## Given information
------------------------------------------------------------

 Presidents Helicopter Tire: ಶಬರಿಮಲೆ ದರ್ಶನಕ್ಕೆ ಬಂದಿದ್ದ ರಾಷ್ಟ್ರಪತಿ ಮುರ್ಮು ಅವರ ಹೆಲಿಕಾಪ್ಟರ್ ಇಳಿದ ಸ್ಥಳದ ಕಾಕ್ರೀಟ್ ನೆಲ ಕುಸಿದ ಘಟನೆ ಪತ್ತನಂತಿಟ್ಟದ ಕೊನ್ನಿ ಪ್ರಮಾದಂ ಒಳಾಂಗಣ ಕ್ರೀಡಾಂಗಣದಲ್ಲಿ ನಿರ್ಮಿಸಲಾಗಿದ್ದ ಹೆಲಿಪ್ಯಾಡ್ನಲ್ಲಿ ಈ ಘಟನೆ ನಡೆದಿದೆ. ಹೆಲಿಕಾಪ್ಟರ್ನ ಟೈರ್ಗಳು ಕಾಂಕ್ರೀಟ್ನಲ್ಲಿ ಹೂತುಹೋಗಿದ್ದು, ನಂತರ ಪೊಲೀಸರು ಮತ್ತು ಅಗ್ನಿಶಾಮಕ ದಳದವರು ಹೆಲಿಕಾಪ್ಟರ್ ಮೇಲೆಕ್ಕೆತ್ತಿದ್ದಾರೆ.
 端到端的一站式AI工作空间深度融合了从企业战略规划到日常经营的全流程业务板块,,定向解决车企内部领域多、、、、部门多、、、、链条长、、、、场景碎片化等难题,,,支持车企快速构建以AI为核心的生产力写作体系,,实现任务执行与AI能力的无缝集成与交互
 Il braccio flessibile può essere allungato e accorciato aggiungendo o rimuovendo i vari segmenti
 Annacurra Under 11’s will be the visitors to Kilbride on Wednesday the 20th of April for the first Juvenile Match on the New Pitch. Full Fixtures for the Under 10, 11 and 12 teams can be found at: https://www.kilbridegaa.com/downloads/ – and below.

------------------------------------------------------------

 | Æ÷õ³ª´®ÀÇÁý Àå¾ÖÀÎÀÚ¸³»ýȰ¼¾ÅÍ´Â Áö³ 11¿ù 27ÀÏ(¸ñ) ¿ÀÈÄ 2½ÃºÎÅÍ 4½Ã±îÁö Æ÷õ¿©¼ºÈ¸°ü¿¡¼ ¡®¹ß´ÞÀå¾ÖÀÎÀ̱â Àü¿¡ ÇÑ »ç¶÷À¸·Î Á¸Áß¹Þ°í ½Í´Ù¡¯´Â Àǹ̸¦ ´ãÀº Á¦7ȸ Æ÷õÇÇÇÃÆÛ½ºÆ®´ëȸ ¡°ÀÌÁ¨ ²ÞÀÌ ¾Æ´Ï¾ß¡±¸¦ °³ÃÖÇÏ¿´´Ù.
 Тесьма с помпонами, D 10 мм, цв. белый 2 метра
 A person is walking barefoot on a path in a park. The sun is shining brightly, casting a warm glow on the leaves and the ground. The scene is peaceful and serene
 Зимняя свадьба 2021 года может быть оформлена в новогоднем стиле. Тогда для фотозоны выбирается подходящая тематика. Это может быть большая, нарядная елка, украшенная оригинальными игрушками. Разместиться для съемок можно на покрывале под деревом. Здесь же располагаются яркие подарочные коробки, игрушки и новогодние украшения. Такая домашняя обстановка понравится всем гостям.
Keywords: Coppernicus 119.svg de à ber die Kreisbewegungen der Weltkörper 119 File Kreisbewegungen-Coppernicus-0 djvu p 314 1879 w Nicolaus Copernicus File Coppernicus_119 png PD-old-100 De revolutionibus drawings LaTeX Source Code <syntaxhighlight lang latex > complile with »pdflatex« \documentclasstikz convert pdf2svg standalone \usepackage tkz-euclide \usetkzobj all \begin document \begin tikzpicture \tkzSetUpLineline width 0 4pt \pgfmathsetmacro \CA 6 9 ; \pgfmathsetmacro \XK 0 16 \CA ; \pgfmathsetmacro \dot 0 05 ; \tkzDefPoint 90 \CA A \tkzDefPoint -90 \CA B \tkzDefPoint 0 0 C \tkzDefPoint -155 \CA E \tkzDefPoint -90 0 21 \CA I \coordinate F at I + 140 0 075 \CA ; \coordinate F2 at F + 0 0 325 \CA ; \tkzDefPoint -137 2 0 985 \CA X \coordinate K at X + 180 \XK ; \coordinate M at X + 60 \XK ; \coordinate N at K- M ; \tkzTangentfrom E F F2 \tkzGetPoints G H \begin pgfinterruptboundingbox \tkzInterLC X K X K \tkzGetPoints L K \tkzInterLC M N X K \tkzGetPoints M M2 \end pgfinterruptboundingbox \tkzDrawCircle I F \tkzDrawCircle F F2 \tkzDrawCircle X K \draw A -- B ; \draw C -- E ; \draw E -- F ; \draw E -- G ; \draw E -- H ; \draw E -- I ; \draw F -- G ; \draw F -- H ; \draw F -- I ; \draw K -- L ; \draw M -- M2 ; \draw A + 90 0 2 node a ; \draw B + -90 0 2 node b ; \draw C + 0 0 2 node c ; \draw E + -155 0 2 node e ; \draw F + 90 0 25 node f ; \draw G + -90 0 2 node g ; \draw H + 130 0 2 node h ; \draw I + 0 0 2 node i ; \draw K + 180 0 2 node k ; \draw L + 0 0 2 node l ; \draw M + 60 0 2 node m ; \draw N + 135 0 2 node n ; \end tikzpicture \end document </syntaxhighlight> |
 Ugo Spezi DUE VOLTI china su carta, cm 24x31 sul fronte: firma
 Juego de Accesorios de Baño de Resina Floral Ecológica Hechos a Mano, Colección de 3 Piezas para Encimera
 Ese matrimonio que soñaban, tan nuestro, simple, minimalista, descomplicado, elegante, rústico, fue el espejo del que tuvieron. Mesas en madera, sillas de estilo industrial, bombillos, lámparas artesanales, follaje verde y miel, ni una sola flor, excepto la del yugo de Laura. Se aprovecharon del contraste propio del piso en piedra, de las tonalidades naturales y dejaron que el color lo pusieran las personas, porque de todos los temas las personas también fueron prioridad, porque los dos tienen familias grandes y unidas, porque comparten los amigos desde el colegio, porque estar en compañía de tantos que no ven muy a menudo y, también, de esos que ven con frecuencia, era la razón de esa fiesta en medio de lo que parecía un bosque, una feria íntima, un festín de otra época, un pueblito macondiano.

------------------------------------------------------------

## Your objective
Beginning at the line above with "Ugo Spezi DUE" and finishing at the line with "Juego de Accesorios", return each line exactly and return nothing else.

## Output for this task
 Ugo Spezi DUE VOLTI china su carta, cm 24x31 sul fronte: firma
 Juego de Accesorios de Baño de Resina Floral Ecológica Hechos a Mano, Colección de 3 Piezas para Encimera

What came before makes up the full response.